Hal tersebut ditegaskan kembali oleh Rais Syuriah KH Muhammad Masyhuri Na’im menanggapi pertanyaan seputar munculnya pengumuman dari beberapa masjid besar di Jakarta yang akan melakukan shalat sunat Idul Adha pada hari Sabtu (30/12) depan. Dikatakannya Pengurus Besar Nahdlatul Ulama (PBNU) mengimbau masyarakat di Indonesia untuk mengikuti ketetapan (itsbat) pemerintah Indonesia.
<>Seperti diberitakan NU Online (22/12), pemerintah Kerajaan Arab Saudi akhirnya menetapkan awal Dzulhijjah pada hari Kamis, 21 Desember 2006, dan secara otomatis Shalat Idul Adha akan dilaksanakan pada hari Sabtu, 30 Desember 2006. Sementara pemerintah Indonesia, dalam hal ini Departemen Agama, berdasarkan sidang itsbat bersama ormas-ormas Islam di Indonesia menetapkan Idul Adha pada Hari Ahad, 31 Desember 2006.
“Di sini kita harus mengukuti itsbat pemerintah Indonesia, kecuali jika dalam penentuan awal bulan Dzulhijjah itu pemerintah tidak berdasar pada rukyatul hilal atau istiqmal. Patokannya ya dimana seseorang itu berada lah! Karena perbedaan tempat itu menentukan sudut pandang hilal dan matahari,” kata Kiai Mashuri Na’im.
Umat Islam di Indonesia tidak harus mengikuti ketetapan-ketetapan yang diberlakukan di Timur Tengah.

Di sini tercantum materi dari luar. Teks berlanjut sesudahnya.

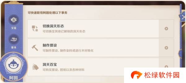 尘歌壶新增【阿圆】页签,页签内提供【切换洞天形态】、【制作摆设】、【洞天百宝】功能。版本更新后,旅行者可以随时打开尘歌壶完成以上操作,无需再去找阿圆对话。在室内也可以随时制作家具并买到需要的材料了。更多尘歌壶相关优化可以在5.4版本更新说明中查看。
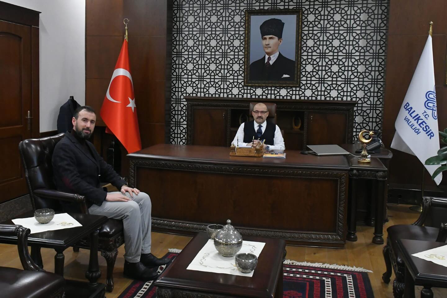 Fatih Çelik’ten Resmi Ziyaret İlahi sanatçısı Fatih Çelik, Balıkesir Valisi İsmail Ustaoğlu’nu makamında ziyaret etti. Ziyaret sırasında sanatçı, valiye sanatı ve çalışmaları hakkında deta...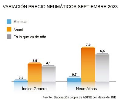 En términos mensuales, el estudio de ADINE muestra que en el mes de septiembre el precio de los neumáticos se incrementó un 0,7%, lo que supone, por un lado, seis décimas más que el registrado en el mes anterior y, por otro lado, también cinco décimas más que el IPC mensual de septiembre.

Dalam penentuan bulan Dzulhijjah, hanya para jamaah haji yang diharuskan mengikuti ketetapan Pemerintah Kerajaan Arab Saudi.
”Bisa dikiaskan dengan masalah zakat pertanian, misalnya, tidak bisa komoditi yang dikeluarkan zakatnya di Indonesia harus sama dengan di Arab. Apa iya atas dasar Islam diturunkah di Makkah lantas kita harus semua ikut sana? nggak harus tekstual begitu lah!” kata Kiai Masyhuri Na’im.
Ketinggian Negatif
Sementara itu berdasarkan data dari Lembaga Falakiyah Nahdlatul Ulama (LFNU), pada tanggal 29 Dzulqa’dah (20 Desember lalu) ijtima’ atau bulan baru di makkah terjadi sekitar 0 jam 41 menit sebelum terbenam matahari (ijtima’ qabla ghurub). Namun ketinggian hilal pada saat ghurub masih berada di bawah ufuk pada ketinggian sekitar -2051,7'
Dijelaskan, hilal di Makkah dengan demikian memang sudah merupakan hilal Dzulhijjah karena sudah melampaui ijtima’, namun dengan ketinggian yang negatif ini secara obyektif hilal tidak mungkin dapat terlihat. Besar kemungkinan jika dilihat hanya pada posisi hilal semata, baik di Indonesia maupun di Arab Saudi akan mengawali bulan Dzulhijjah pada hari yang bersamaan, yakni pada hari Jum’at tangal 22 Desember 2006 dan wukuf akan diberlangsungkan pada hari Sabtu, 30 Desember 2006.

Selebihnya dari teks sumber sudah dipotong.